[WHAT THE EXERCISE ASKS]:
From the first line of the listing below, retype each line up to and including the one with "Zusätzlich stehen ein"; pictures stay out.

[DATA SHOWN]:

----

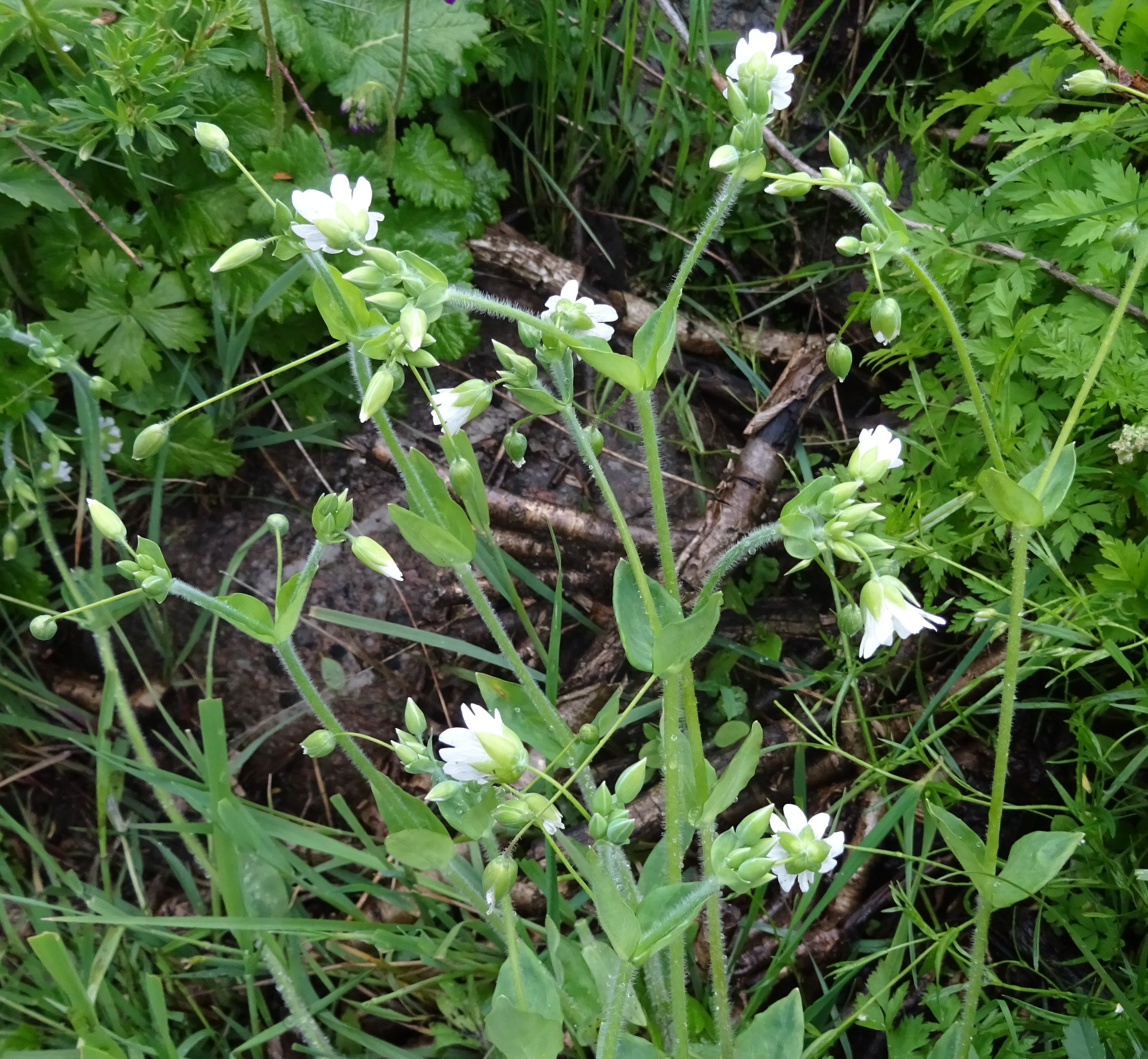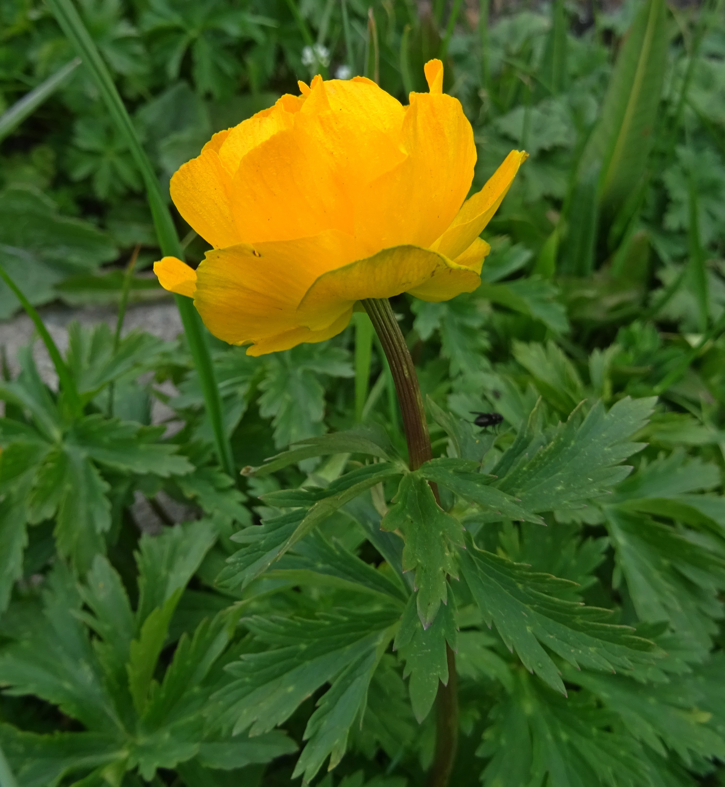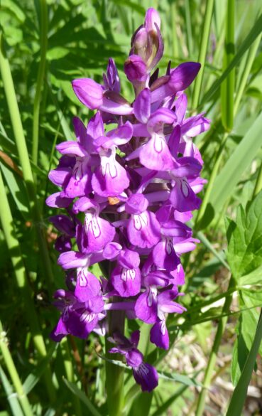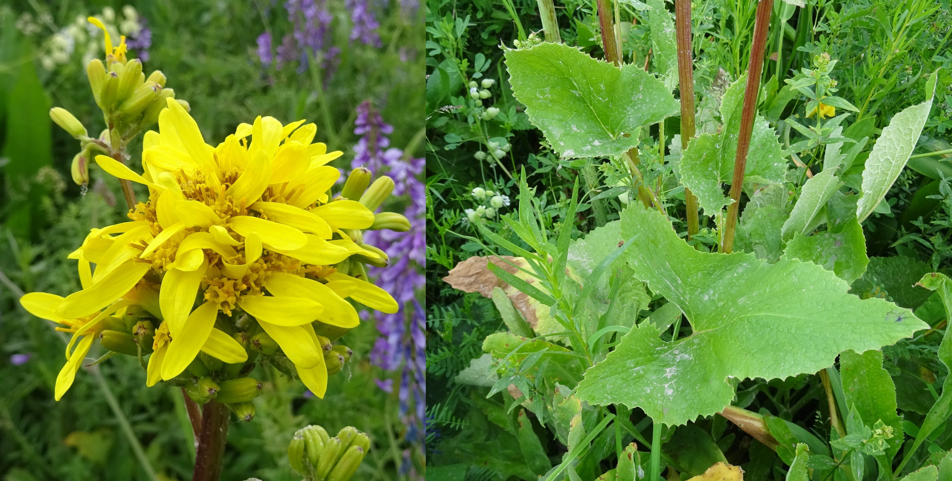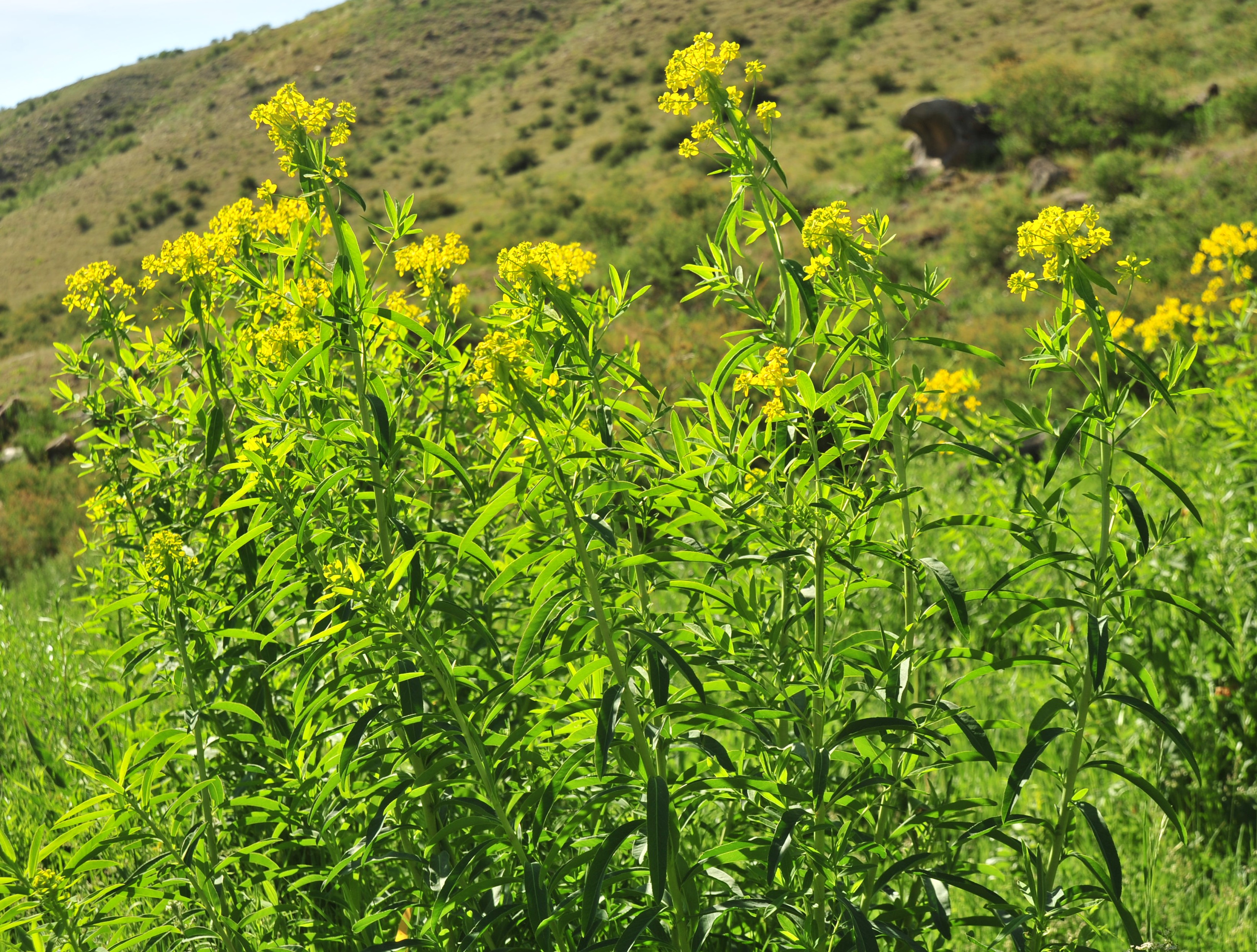 Nous y ferons quelques arrêts pour observer la flore de ces prairies, pour commencer sur un coteau frais (42° 34′ 09.7″ N, 74° 28′ 56.6″ E, alt. 2 110 m) où nous observons Turritis glabra L. (PCPR021647), Bupleurum aureum Fisch. ex Hoffm. (photo 7) en début de floraison (PCPR003129, PCPR021511, PCPR021512, PCPR021513), Astragalus platyphyllus Kar. & Kir. (sect. Incani ; 95* ; PCPR021965 & PCPR021966), Spiraea lasiocarpa Kar. & Kir. (67* ; PCPR022111), Lonicera hispida Pall. ex Schult. (123* ; PCPR022203 & PCPR022204), Polemonium caeruleum L. et Aconitum leucostomum Vorosch. (119* ; PCPR021962 & PCPR021980). Dans le fossé le sous-tendant plusieurs Carex sont développés mais pas encore mûrs à cette date. Nous y observons également Dactylorhiza umbrosa (Kar. & Kir.) Nevski (= D. incarnata subsp. cilicica (Klinge) H.Sund. ; 116* ; PCPR001594, PCPR001595, PCPR002694, PCPR018745, PCPR021481).
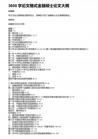3600字论文格式金融硕士论文大纲论文概述:本文为论文提纲格式要求范文,简单的介绍了金融硕士论文提纲的格式。论文正文:金融硕士论文大纲1摘要5-7摘要7-9第一章引言15-23第一节主题背景和研究意义15-17第一节主题背景15-17第二节研究意义17第二节分析对象和研究方法17-19第一节基本概念定义17-19第二节主要研究方法19第三节论文结构和分析研究难点22-23[/Br/]第二章金融发展在经济增长中的作用文献综述23-53第一节90年代之前的文献综述23-28第一节,早期文献综述23-...
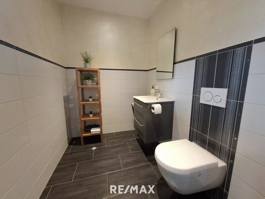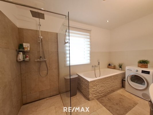 Zusätzlich stehen ein separates WC sowie ein modernes Badezimmer mit Badewanne und großzügiger, ebenerdig begehbarer Dusche zur Verfügung. Die Dusche ist mit einem Regenduschkopf ausgestattet. Das Badezimmer ist mit neutralen Fliesen versehen.
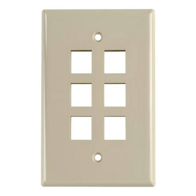 This is manufactured by HellermannTyton. The manufacturer part number is FPMSIX-I. Additionally, the product is designed with single gang Style. It is assigned with possible HTSUS value of 3926.90.9985. The product is rohs compliant. Furthermore, the product is 3.100" (78.74mm) wide. It comes in faceplate configuration. The product is made from highly stable and reliable acrylonitrile butadiene styrene (abs). It carries ul94 v-0 of material flammability rating. It is shipped in bulk. Its typical moisture sensitivity level is 1 (unlimited). This product features 6 number of ports. It has a classic ivory colour. Its accurate length is 4.800" (121.92mm). The product is suitable for use with modular jacks. Moreover, it corresponds to fpmsix, a base product number of the product. The product is designated with the ear99 code number

----

[ANSWER BOX]:
 Nous y ferons quelques arrêts pour observer la flore de ces prairies, pour commencer sur un coteau frais (42° 34′ 09.7″ N, 74° 28′ 56.6″ E, alt. 2 110 m) où nous observons Turritis glabra L. (PCPR021647), Bupleurum aureum Fisch. ex Hoffm. (photo 7) en début de floraison (PCPR003129, PCPR021511, PCPR021512, PCPR021513), Astragalus platyphyllus Kar. & Kir. (sect. Incani ; 95* ; PCPR021965 & PCPR021966), Spiraea lasiocarpa Kar. & Kir. (67* ; PCPR022111), Lonicera hispida Pall. ex Schult. (123* ; PCPR022203 & PCPR022204), Polemonium caeruleum L. et Aconitum leucostomum Vorosch. (119* ; PCPR021962 & PCPR021980). Dans le fossé le sous-tendant plusieurs Carex sont développés mais pas encore mûrs à cette date. Nous y observons également Dactylorhiza umbrosa (Kar. & Kir.) Nevski (= D. incarnata subsp. cilicica (Klinge) H.Sund. ; 116* ; PCPR001594, PCPR001595, PCPR002694, PCPR018745, PCPR021481).
3600字论文格式金融硕士论文大纲论文概述:本文为论文提纲格式要求范文,简单的介绍了金融硕士论文提纲的格式。论文正文:金融硕士论文大纲1摘要5-7摘要7-9第一章引言15-23第一节主题背景和研究意义15-17第一节主题背景15-17第二节研究意义17第二节分析对象和研究方法17-19第一节基本概念定义17-19第二节主要研究方法19第三节论文结构和分析研究难点22-23[/Br/]第二章金融发展在经济增长中的作用文献综述23-53第一节90年代之前的文献综述23-28第一节,早期文献综述23-...
 Zusätzlich stehen ein separates WC sowie ein modernes Badezimmer mit Badewanne und großzügiger, ebenerdig begehbarer Dusche zur Verfügung. Die Dusche ist mit einem Regenduschkopf ausgestattet. Das Badezimmer ist mit neutralen Fliesen versehen.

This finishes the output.